Atropine Dosing in Cardiac Arrest
For bradyasystolic cardiac arrest, administer atropine 1 mg IV, repeated every 3-5 minutes if asystole persists, up to a maximum total dose of 2.5 mg over 2.5 hours. 1, 2
Specific Dosing by Clinical Context
Cardiac Arrest (Asystole/Bradyasystolic Arrest)

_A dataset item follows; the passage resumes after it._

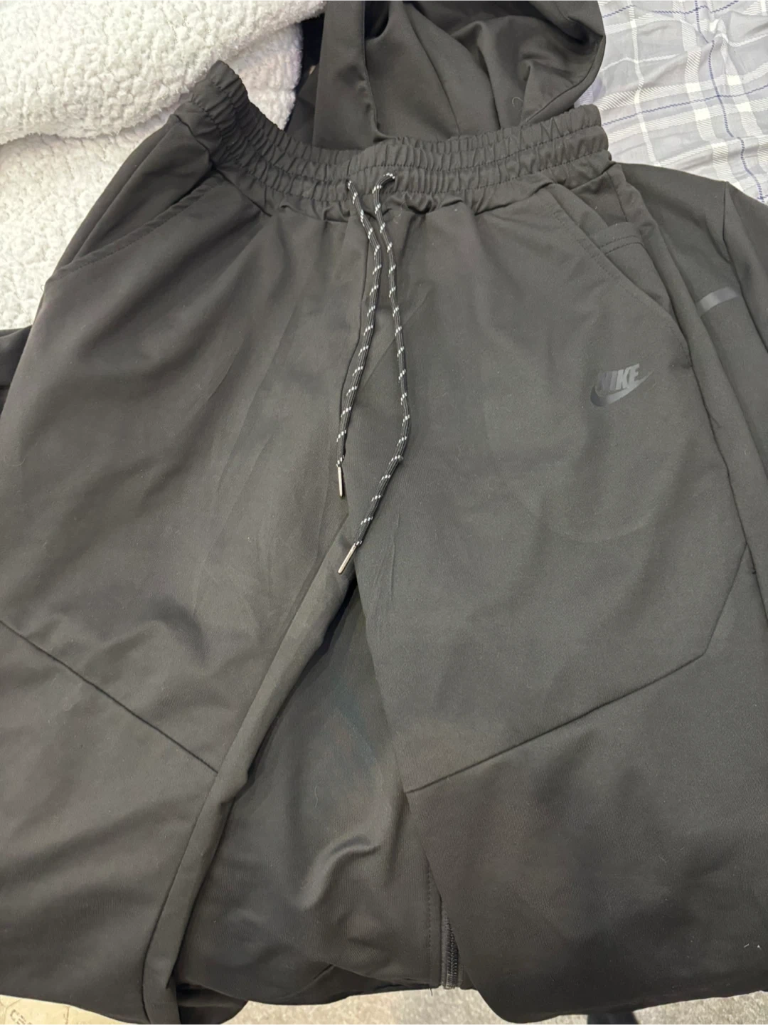 Selling a Nike tracksuit in black, size medium. It includes both the jacket and pants. Great for workouts or just lounging around.

- Initial dose: 1 mg IV 1, 2
- Repeat: Every 3-5 minutes if asystole persists 1, 2
- Maximum total dose: 2.5 mg over 2.5 hours 1
- Peak action occurs within 3 minutes of IV administration 1
Symptomatic Bradycardia (Non-Arrest)
- Initial dose: 0.5-1 mg IV 1, 3, 2
- Repeat: Every 3-5 minutes as needed 3
- Maximum total dose: 3 mg (complete vagal blockade) 1, 3
- For bradycardia without cardiac arrest, the recommended dose is 0.5 mg IV repeated every 5 minutes to a total of no more than 2 mg 1
Critical Dosing Considerations
Minimum Dose Warning
Never administer atropine doses less than 0.5 mg in adults, as this can cause paradoxical bradycardia. 1, 3 This paradoxical effect results from either central reflex stimulation of the vagus or peripheral parasympathomimetic effects on the heart 1
When Atropine May Be Ineffective or Harmful
- Type II second-degree or third-degree AV block with wide QRS complex: Atropine is likely ineffective because the block occurs in non-nodal (infranodal) tissue 3, 4
- Heart transplant patients: Atropine may cause paradoxical high-degree AV block or sinus arrest in 20% of cases due to lack of parasympathetic reinnervation 1, 3
- Infranodal heart blocks: Patients with blocks at the His-Purkinje level are at increased risk of adverse events, including ventricular standstill 4
Coronary Artery Disease Patients
- Limit total atropine dose to 0.03-0.04 mg/kg in patients with coronary artery disease 2
- The resulting sinus tachycardia may increase myocardial ischemia or infarct size 1, 3
Algorithm for Bradyasystolic Cardiac Arrest
- Confirm asystole in at least two ECG leads (fine ventricular fibrillation may mimic asystole) 1
- Administer atropine 1 mg IV immediately 1, 2
- Continue CPR while awaiting response (peak effect within 3 minutes) 1
- If asystole persists after 3-5 minutes, repeat 1 mg IV 1, 2
- Do not exceed 2.5 mg total dose over 2.5 hours 1
- If no response after maximum atropine, escalate to epinephrine and consider other reversible causes 3
Important Clinical Pitfalls
Adverse Effects to Monitor
- Sinus tachycardia (may worsen ischemia) 1
- Ventricular tachycardia or fibrillation (rare but reported) 1
- Central anticholinergic syndrome with excessive doses (>3 mg): confusion, hallucinations, fever 1, 3
- Paradoxical bradycardia with doses <0.5 mg 1
Route of Administration
- IV route is strongly preferred 1, 2
- Non-IV routes may result in paradoxical bradycardia 1
- Endotracheal administration is possible but requires higher doses 5
Evidence Quality Note
The recommendation for 1 mg dosing in cardiac arrest comes from established ACC/AHA guidelines 1 and FDA labeling 2, though research evidence shows limited efficacy of atropine in bradyasystolic arrest 6. One animal study even suggested atropine may accelerate cardiac arrest in hypoxic bradycardia 7. However, given minimal harm and guideline support, the 1 mg dose remains standard practice for asystole 1, 2.